Het is een gemakkelijk plan-als je er eenmaal voor kiest. Helaas kan het kiezen van die basis bijna net zo moeilijk zijn als helemaal bij het begin beginnen. De wereld van webframeworks is een zeer actief ontwikkelingsgebied en er kunnen tientallen goede open source-projecten zijn die een geweldige start voor uw project zouden zijn.

Om het nog erger te maken, zijn de verschillende teams die deze verschillende projecten hebben gemaakt, een ander pad ingeslagen omdat ze ernstige filosofische verschillen hadden met de andere opties. Ze keken naar de andere frameworks en besloten dat ze het beter konden. Met andere woorden, ze deden het voor een reden en je kunt het wel of niet eens zijn met hun beslissing.

De onderstaande lijst met goede plaatsen om te beginnen laat opzettelijk de marktleiders React, Angular en Vue weg, gewoon om dingen een beetje eenvoudiger te maken. Dat betekent niet dat de grote drie slecht zijn. Ze kunnen nog steeds de juiste oplossing voor je zijn. Het is alleen dat er voortdurend over ze wordt gepraat en die discussies laten een aantal vrij goede andere opties links liggen.

Er zijn genoeg goede redenen om de populairste te kiezen. Veel mensen in jouw schoenen keken rond en velen van hen kozen niet voor niets voor React, Angular of Vue. Maar dat was toen. In de tussentijd hebben sommige slimme mensen nieuwere frameworks gemaakt die sneller, eenvoudiger, sterker, of een van een grote reeks superlatieven zijn.

In de meeste van de onderstaande gevallen hebben de teams iets intrigerends en krachtigs gecreëerd door de aard van het framework opnieuw te bedenken. Dat is een mooie manier om te zeggen dat ze uiteindelijk een functie hebben verwijderd, waardoor het framework efficiënter is geworden en dus minder geheugen nodig heeft, de opstarttijd is versneld, of in het algemeen het framework behendiger is geworden. Of in een paar gevallen hebben ze nieuwe ideeën toegevoegd die in de toekomst standaard kunnen worden.

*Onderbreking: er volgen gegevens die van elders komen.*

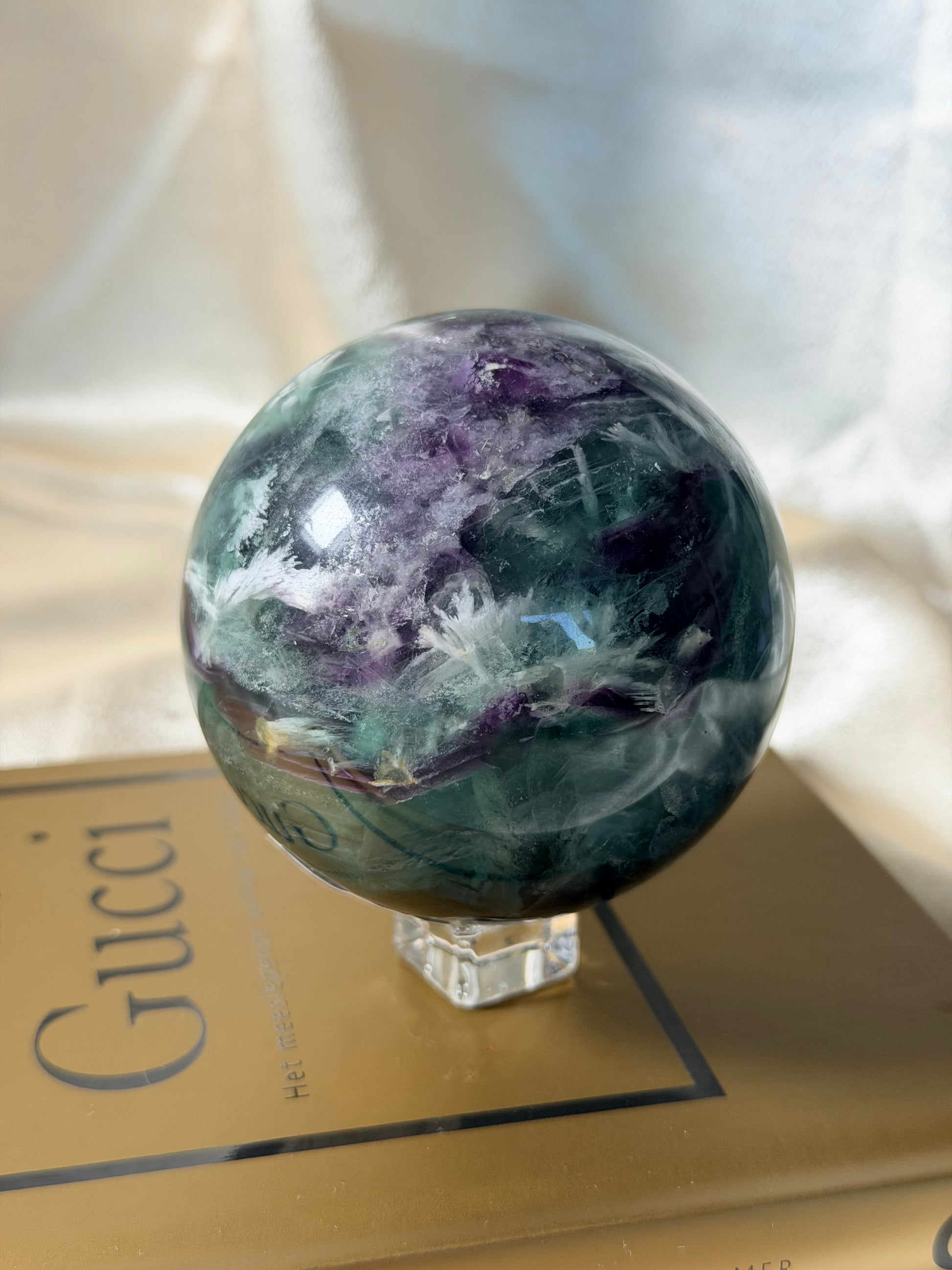 Veren fluoriet is een zeldzame variant van fluoriet met veerachtige insluitsels die ontstaan wanneer minuscule mineralen of gassen in het kristal groeien. Elke steen is uniek en straalt natuurlijke magie uit.

Als je de tijd hebt om te investeren, hier is een lijst van enkele van de andere interessante keuzes. Ze zijn niet noodzakelijk geschikt voor sommige mensen en ze zijn zeker niet de beste keuze voor iedereen, maar ze kunnen een betere keuze voor u zijn. Uw taak, als u die wilt aanvaarden, is om een solide beschrijving te maken van uw webapplicatie, een relatief solide beschrijving op te schrijven van de verschillende use cases, en dan deze tools te evalueren met dit in gedachten.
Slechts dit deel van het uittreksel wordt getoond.